_What needs to be done_
Before printing, remove every picture; then print the lines below exactly, from the first line through the line containing "Then Emma launched".

_Records to use_
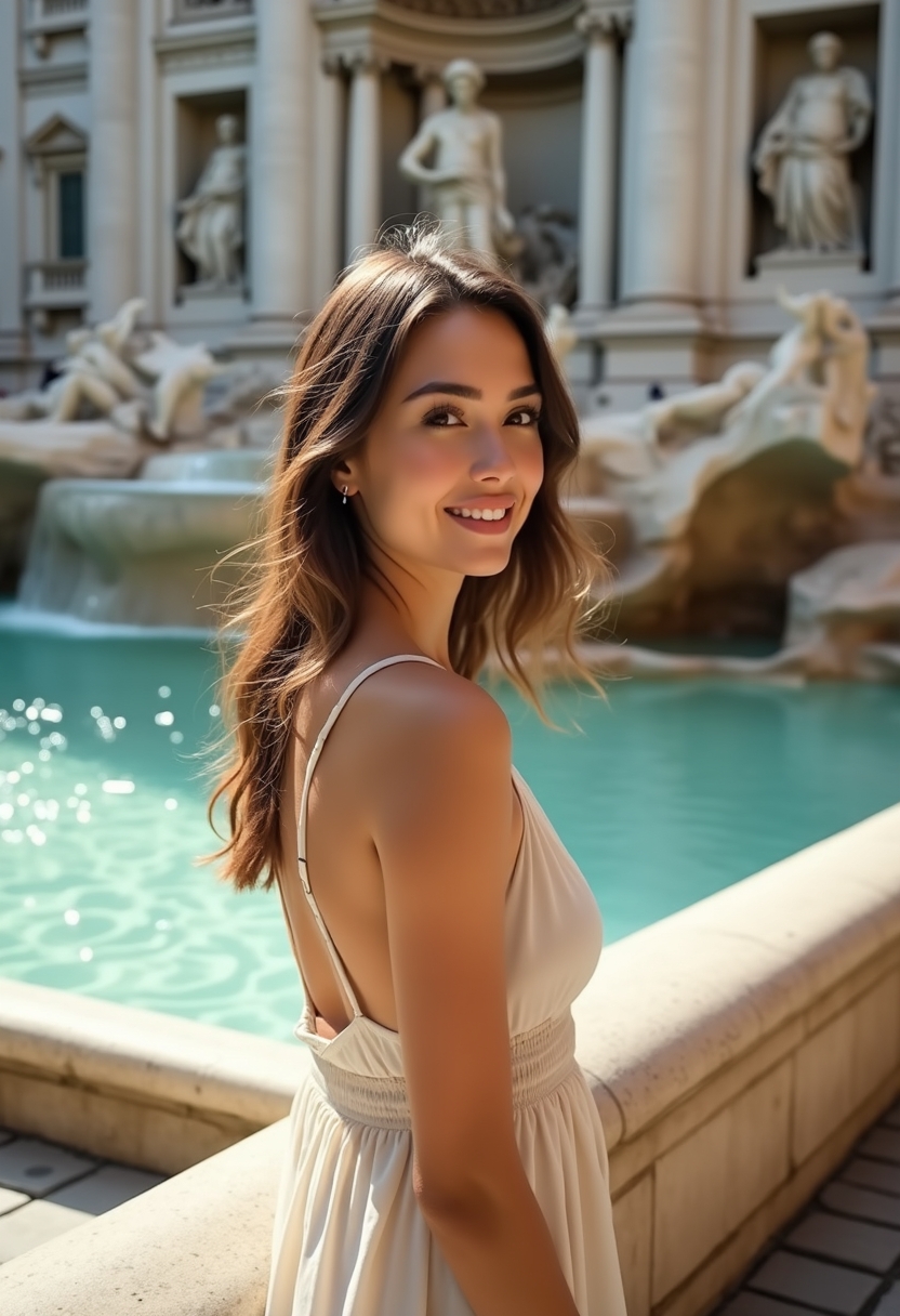 Әйел Римдегі Треви субұрқағының аясында тұр. Ол нәзік түсті, жеңіл жазғы көйлек киген, бұл көйлек оның мүсінін еркін орап, Мәңгілік қаланың атмосферасымен үйлесіп тұр. Шаштары иығына төгіліп тұр, жүзінде — өзіне сенімді күлкі. Күн сәулесі көріністі жарықтандырып, айналасына жұмсақ шапақ береді, ал субұрқақтан ұшқан су тамшылары жылтырап, кадрға серпін қосады. Субұрқақтың тастары мен мәрмәрі тарихи ортаның рухын айқындайды, бұл әйелдің заманауи образына қарсы әсерлі контраст жасайды. Аяқ астындағы еден — Рим көшелеріне тән плиткамен көмкерілген. Кадр ірі жоспармен әйелге бағытталған, ал фондағы субұрқақ бұлдырланып, тереңдік әсерін тудырады.
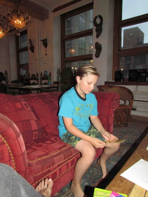 Then Emma launched into a rousing rendition of Happy Birthday, not once, not twice, but three times!  By the third time she was beginning to lose her audience, not that she cared.  Nic was intent on opening his presents.  “Where’s Dad?”  he asked more times than Emma sang Happy Birthday.
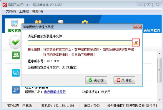 ????信管飛送貨單軟件、信管飛RMS軟件、信管飛倉庫管理軟件等都支持網絡版本(即可以多臺機器同時使用,數據共享,數據集中存儲在一臺機器上),軟件會不定期更新新版本,網絡版多臺電腦使用的時候,每次更新程序需要每臺電腦都下載最新版安裝程序進行安裝,非常麻煩。軟件支持在主機電腦的應用中心程序上指定更新安裝程序,便于客戶端登錄的時候如版本不一致會提示直接下載安裝程序。
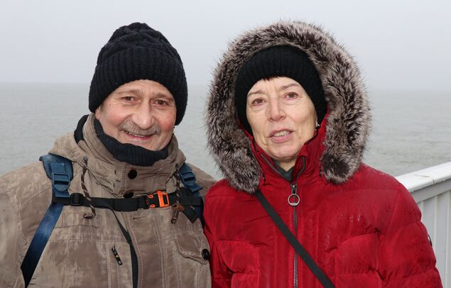 Dunkle Wolken liegen über dem Hafen, Regentropfen prasseln aufs Oberdeck. Nicht unbedingt das ideale Wetter für einen Ausflug an die Alte Liebe. Dennoch tummeln sich etliche Besucherinnen und Besucher auf der Aussichtsplattform an diesem verregneten Februarnachmittag. Claudia und Peter Karmann aus Ingolstadt sind regelmäßig in Cuxhaven. Warum? "Wegen der guten Luft, der freundlichen Menschen und zum Schiffe gucken", sagt Peter Karmann. Ein Spaziergang zur Alten Liebe gehört für die Urlauber aus Oberbayern zum Pflichtprogramm. Die Pläne der Hafengesellschaft Niedersachsen Ports (NPorts), das Wahrzeichen zu sanieren und aus Gründen der Barrierefreiheit eingeschossig zu gestalten, lehnt das Paar ab. "Die Alte Liebe sollte so bleiben, wie sie ist. So kennen wir sie, so mögen wir sie", sagt Claudia Karmann.
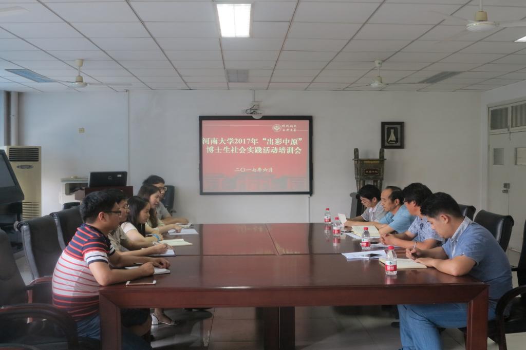 6月26日下午,2017年“出彩中原”博士生社会实践活动培训会在我院二楼资料室举办,校人事处副处长、教师发展中心主任、博士生导师高建华、学院研究生管理办公室主任陈太政、硕士研究生导师丁志伟、学院团委书记宋永鹏以及本次实践团队的五名博士生参加会议。会议由学院党委副书记刘会军主持。
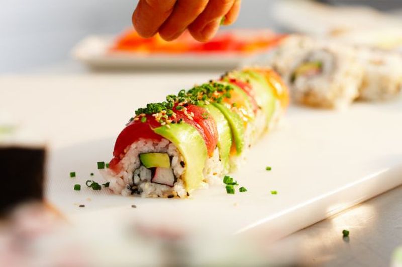 Az avokádót és a halat szeletnyi széles, 5-6 cm hosszú darabokra vágjuk, és a tekercsek köré illesztjük. A maradék szezámmaggal és aprított snidlinggel megszórva tálaljuk. Pácolt gyömbért, wasabi pasztát és szójaszószt kínálhatunk mellé.
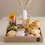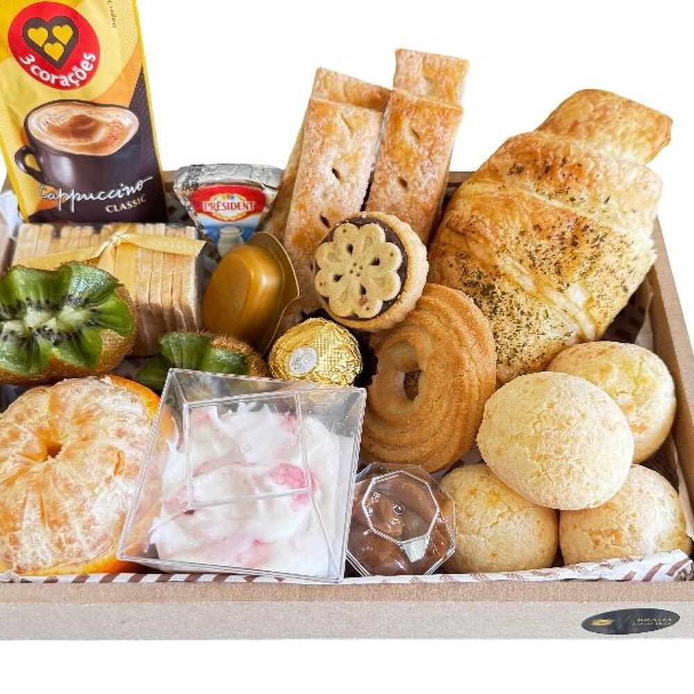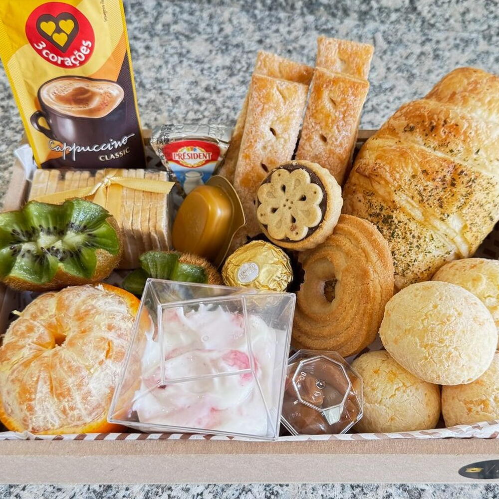 Croissant, Pães de queijo recheado, Biscoitos, Torradas, Doce de Leite ou Geleia, Manteiga ou Requeijão cremoso, Queijo Polenguinho, Frutas Frescas, Iogurte grego, Chocolate, Capuccino sachê ou chá Twinings. *Obs: Itens sujeitos à substituição por equivalentes de mesmo valor ou superior.
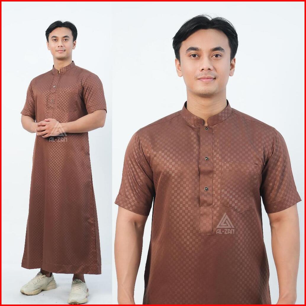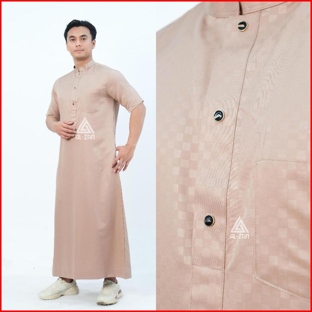 Jubah Pria Muslim Slimfit Jubah Gamis Pria Lengan Pendek Busana Muslim Baju Jubah Muslim Kancing Katun Toyobo Dewasa Alz
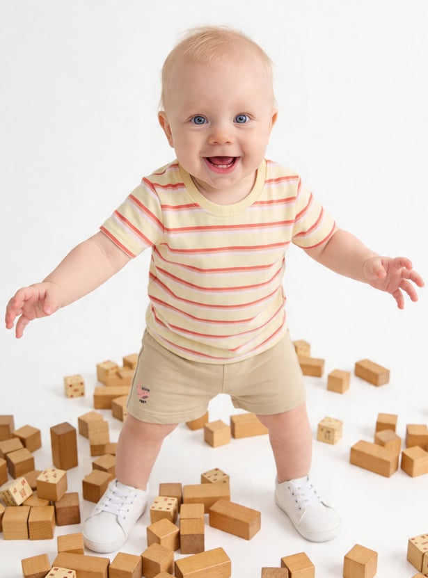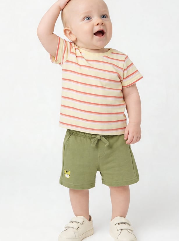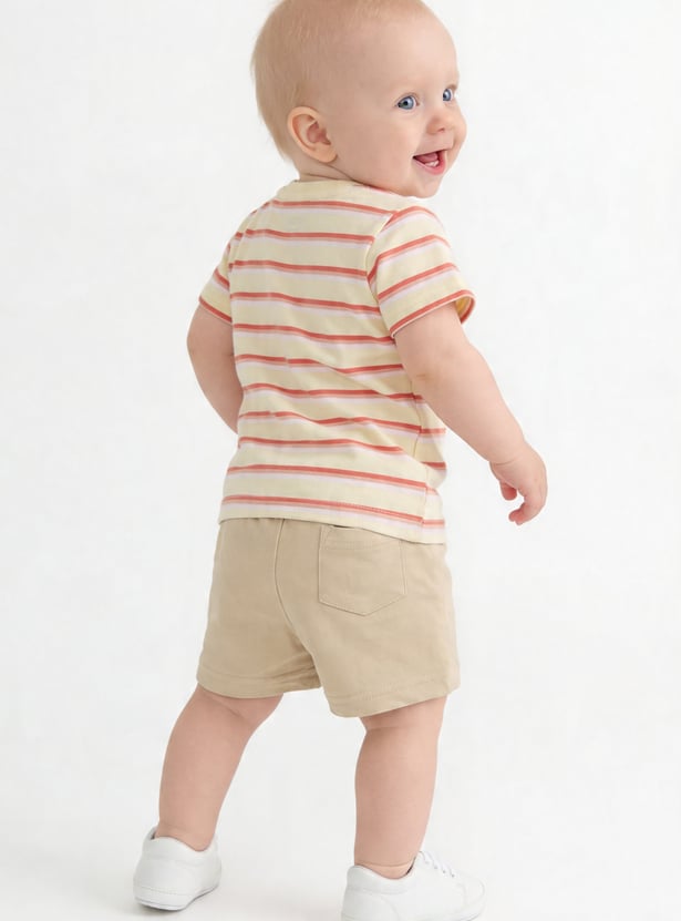Spruce up style for your little one in this preppy pair of printed shorts that feature an elasticated waistband with drawstring detail.
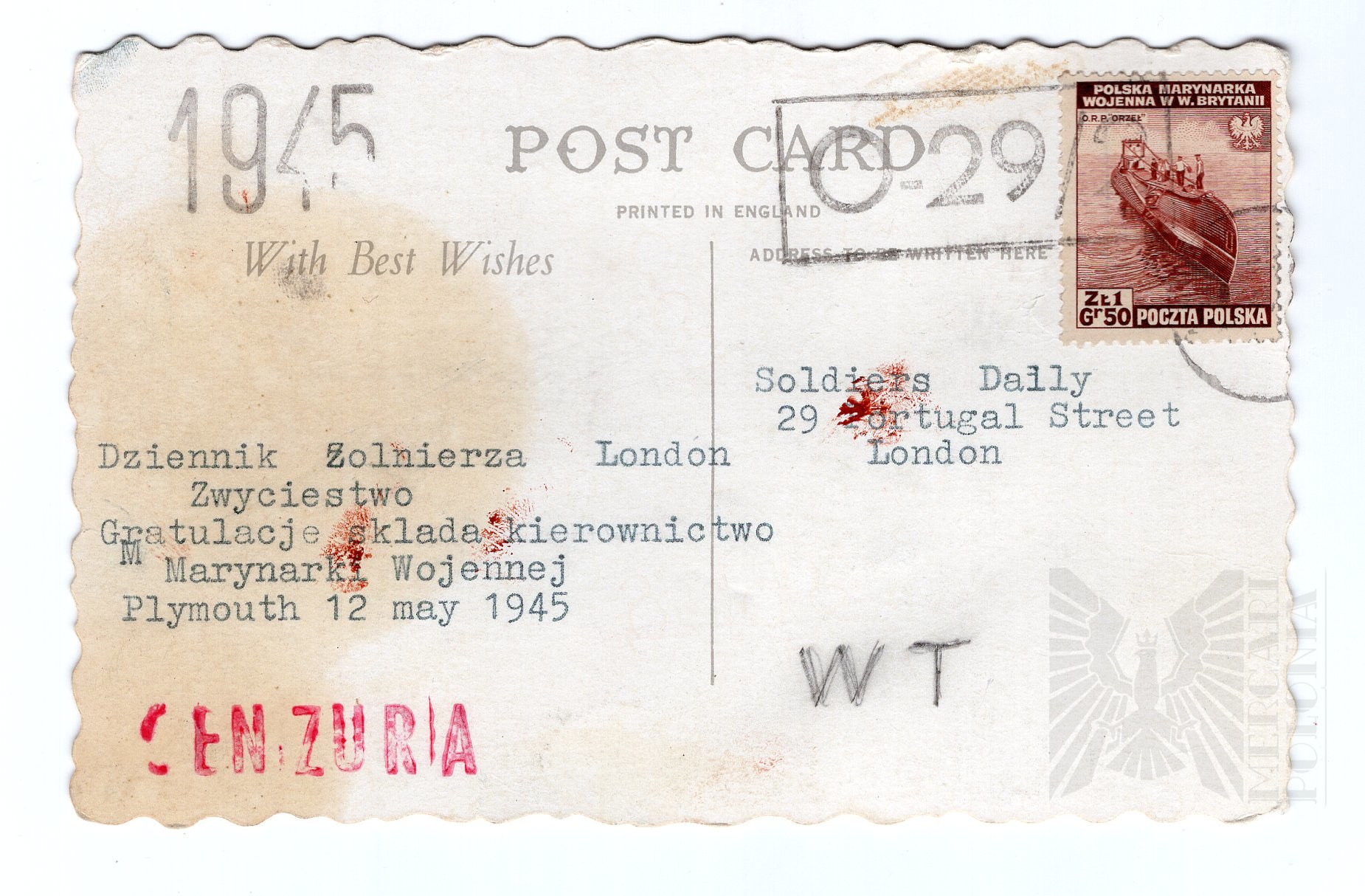 Pocztówka polskiej Marynarki Wojennej z okresu II wojny światowej, wydrukowana w Anglii. Na awersie nadruk „POST CARD 29 – PRINTED IN ENGLAND – With Best Wishes – ADDRESS TO WHEN HERE”. Na karcie widnieje znaczek „POLSKA MARYNARKA WOJENNA W W. BRYTANII” oraz „O.R.P. ORZEL”. Zastosowano stempel polskiej poczty wojskowej „Gr 50 POCZTA POLSKA”. Widoczny jest również odcisk adresowy „Soldiers Daily, 29 Portugal Street, London – Dziennik Żołnierza, London”. Tekst gratulacyjny brzmi: „Zwycięstwo – gratulacje składa kierownictwo M. Marynarki Wojennej, Plymouth, 12 May 1945”. Na pocztówce znajdują się także oznaczenia „WT” oraz stempel cenzury wojskowej „CENZURA”.
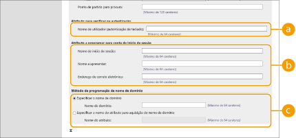 4 | Especifique como configurar os nomes de atributos e de domínio. ![]() [Nome de utilizador (autenticação de teclado):]Especifique os campos de dados LDAP (nomes de atributos) de nome de usuário no servidor LDAP (Exemplo: uid). [Nome de início de sessão:] / [Nome a apresentar] / [Endereço de correio eletrónico]Especifique os campos de dados LDAP (nomes de atributos) de nome de login, nome de exibição e endereços de e-mail de cada conta de usuário no servidor LDAP (Exemplo: uid, cn, mail). [Especificar o nome de domínio] / [Especificar o nome do atributo para aquisição do nome de domínio]Selecione como configurar o nome de domínio do destino de login. Para especificar o nome de domínio diretamente, selecione [Especificar o nome de domínio] e insira o nome de domínio. Para especificar o campo de dados LDAP (nome de atributo) de onde obter o nome de domínio do servidor LDAP, selecione [Especificar o nome do atributo para aquisição do nome de domínio] e insira o nome de atributo (Exemplo: dc). |
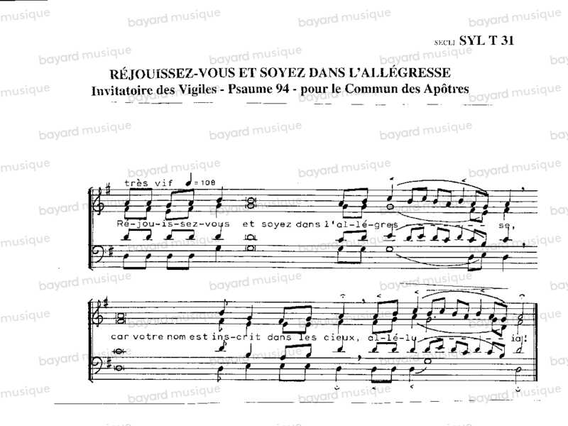 Rejouissez-vous et soyez dans l'allegresse invitatoire des vigiles - psaume - Z94-15
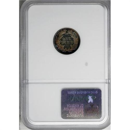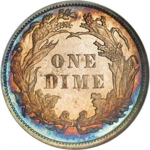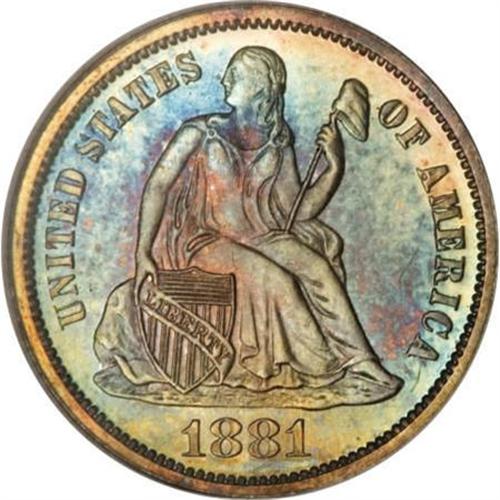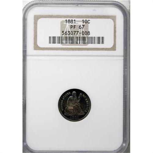 <B>1881 10C PR67 NGC.</B></I> Both sides are overlaid in steel-blue and sunset-golden patina, a bit lighter on the reverse. The fields are fully reflective, providing lots of eye appeal on this hairline-free example. A popular date due to the low business strike mintage. Census: 12 in 67, 2 finer (12/07).<BR><BR><B>Coin Engraver:</B> Christian Gobrecht<BR><BR><b>Shipping:</b> Coins & Currency (<a target="_blank" href="http://www.heritageauctions.com/common/shipping.php">view shipping information</a>)
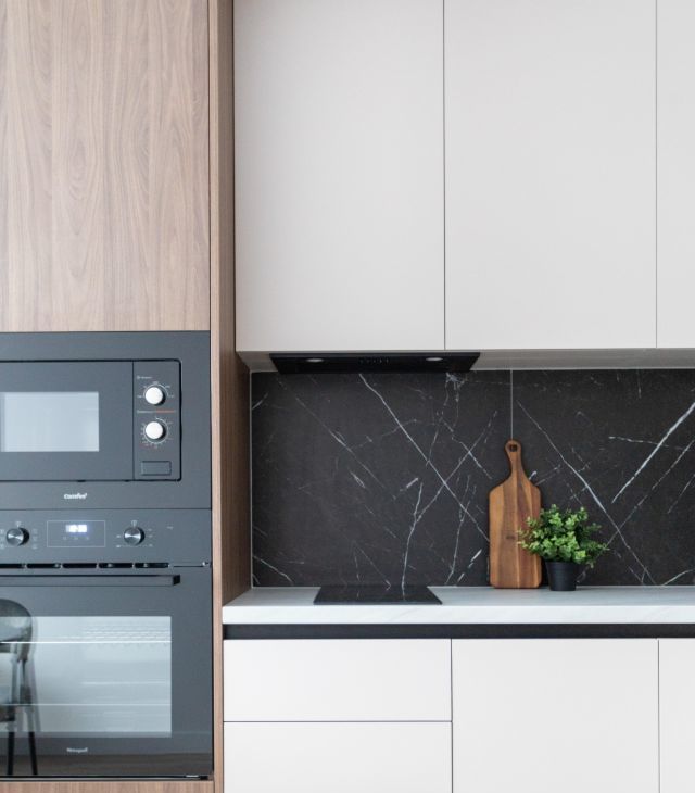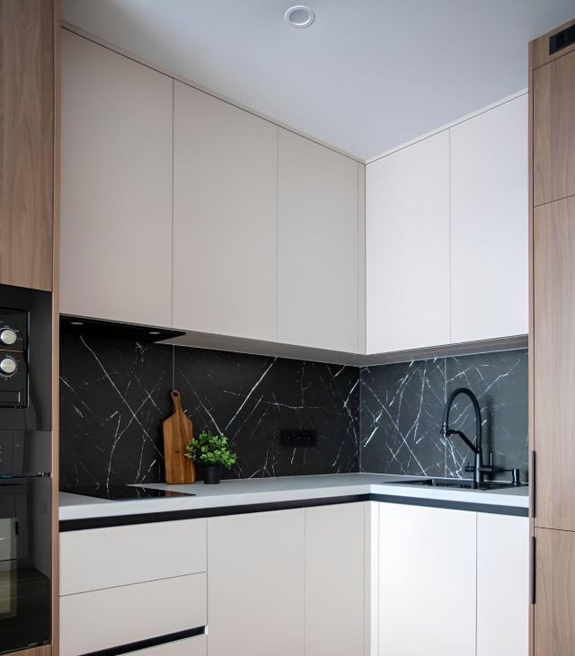Кухня-гостиная: новая функциональная кухня со встроенной бытовой техникой и обеденная зона с раскладным столом.
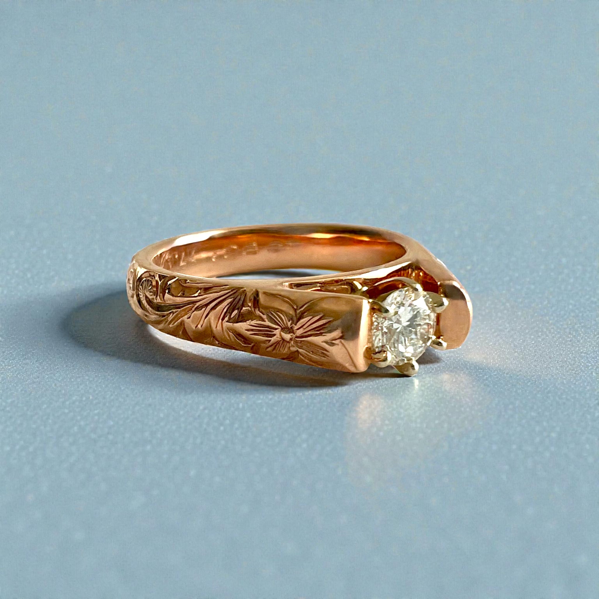 Old English & Hibiscus 4mm French Mount Solitaire Ring w/ .28ct Diamond in 14K Pink Gold

_Written reply_
 Әйел Римдегі Треви субұрқағының аясында тұр. Ол нәзік түсті, жеңіл жазғы көйлек киген, бұл көйлек оның мүсінін еркін орап, Мәңгілік қаланың атмосферасымен үйлесіп тұр. Шаштары иығына төгіліп тұр, жүзінде — өзіне сенімді күлкі. Күн сәулесі көріністі жарықтандырып, айналасына жұмсақ шапақ береді, ал субұрқақтан ұшқан су тамшылары жылтырап, кадрға серпін қосады. Субұрқақтың тастары мен мәрмәрі тарихи ортаның рухын айқындайды, бұл әйелдің заманауи образына қарсы әсерлі контраст жасайды. Аяқ астындағы еден — Рим көшелеріне тән плиткамен көмкерілген. Кадр ірі жоспармен әйелге бағытталған, ал фондағы субұрқақ бұлдырланып, тереңдік әсерін тудырады.
 Then Emma launched into a rousing rendition of Happy Birthday, not once, not twice, but three times!  By the third time she was beginning to lose her audience, not that she cared.  Nic was intent on opening his presents.  “Where’s Dad?”  he asked more times than Emma sang Happy Birthday.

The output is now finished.